- Born: 1636 Hutton, England
- Died: 9 December 1666 (aged 29–30) Whitby, England

= Dorothy Waugh =

Dorothy Waugh (1636 – 9 December 1666) was an English Quaker preacher who was twice a missionary to North America. She wrote a rare account of the use of a Scold's bridle during one of her many imprisonments.

== Life ==
Waugh was born in Hutton in the Lake District in about 1636. She worked as a maid for the Quaker John Camm and that may have been where she decided to join the Friends. She became a preacher which involved a lot of travelling and imprisonment. One of her early visits must have been Kendal as she was under arrest there in 1653. In the following year she spent four months imprisoned in Norwich. In 1655 she was in Cornwall, Buckinghamshire and notably in Carlisle.The Carlisle courts heard that she was spreading the word on "ungodly practices" and the mayor was concerned that she might affect the town. Waugh could write and she published an account of her treatment in Carlisle which includes a rare account of a Scold's bridle being used.

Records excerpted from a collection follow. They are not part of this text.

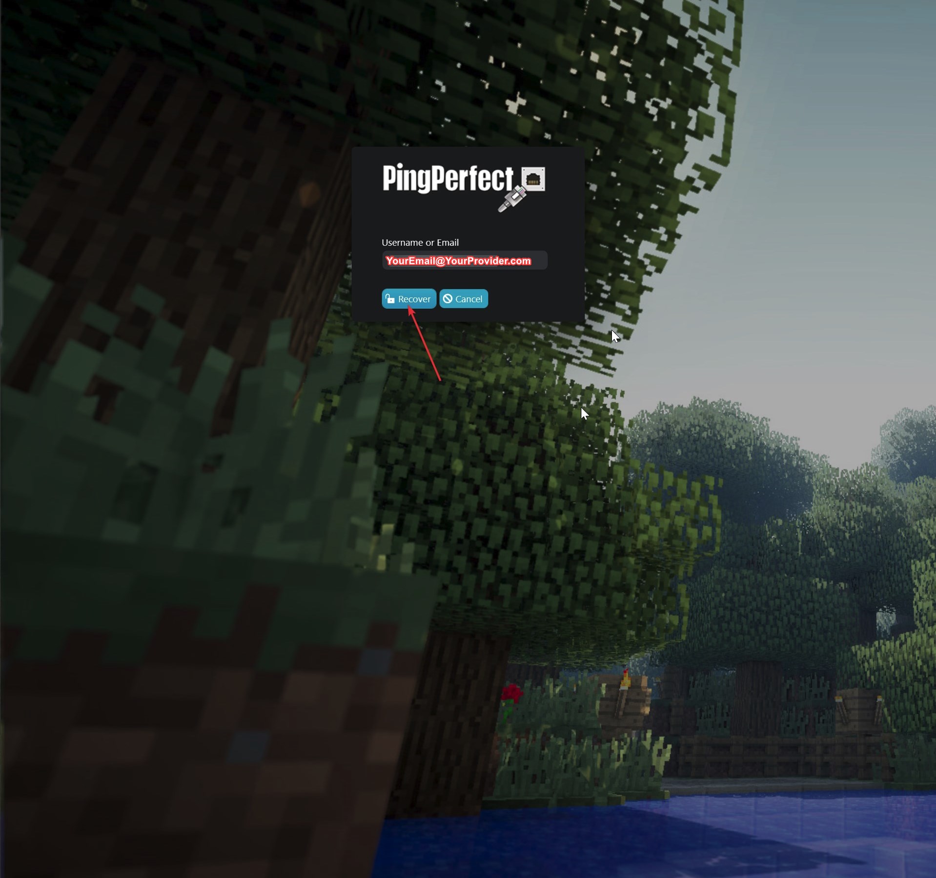 - Open this link in your web browser: https://gamepanel.pingperfect.com/Login/PasswordRecovery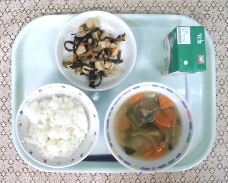 今日の給食今日の給食は「チャンプルー」です。沖縄でよく食べられている家庭料理のひとつです。豆腐や肉を野菜と炒めて作る料理のことを、沖縄では「チャンプルー」と呼びます。具を何種類も入れて作るので、いろんな栄養を一度にとることができます。今日は、もやしときくらげも入っているので、シャキシャキ、コリコリの食感を楽しみながら食べてください。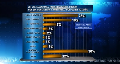 Al preguntar, si las elecciones para presidente fueran hoy y sin considerar a Ricardo Martinelli, por quién votaría. El 23% de los mil 200 encuestados respondieron que Juan Carlos Navarro.

The Quakers arrived in New England in 1656. Waugh travelled there on board the Speedwell; she was about twenty and about the same age as a fellow traveler Sarah Gibbons. They set out from Gravesend in Kent and they arrived in September. The other Quakers included William Brend, John Copeland, Christopher Holder, Mary Prince, Thomas Thrifton, Mary Weatherhead, and Sarah Gibbons. Their names were marked with a letter "Q" and they were arrested and interrogated. The colony kept them prisoners for eleven weeks as the magistrates were worried about their influence on the other colonists. They were banished from the colony.

In the following year Gibbons was among those who returned on the smaller ship Woodhouse. Five were set ashore at the Dutch plantation of what was then called New Amsterdam (New York); they were Robert Hodgson, Richard Doudney, Sarah Gibbons, Mary Weatherhead, and Dorothy Waugh.

After she returned from North America she was advocating celibacy within marriage so it is presumed that she married William Lotherington at about this time. By 1664 they are thought to have been living in Whitby where two of their children are thought to have been born. Waugh is believed to have died in Whitby on 9 December 1666 but no further details are known. Her husband outlived her probably dying in Whitby in 1674.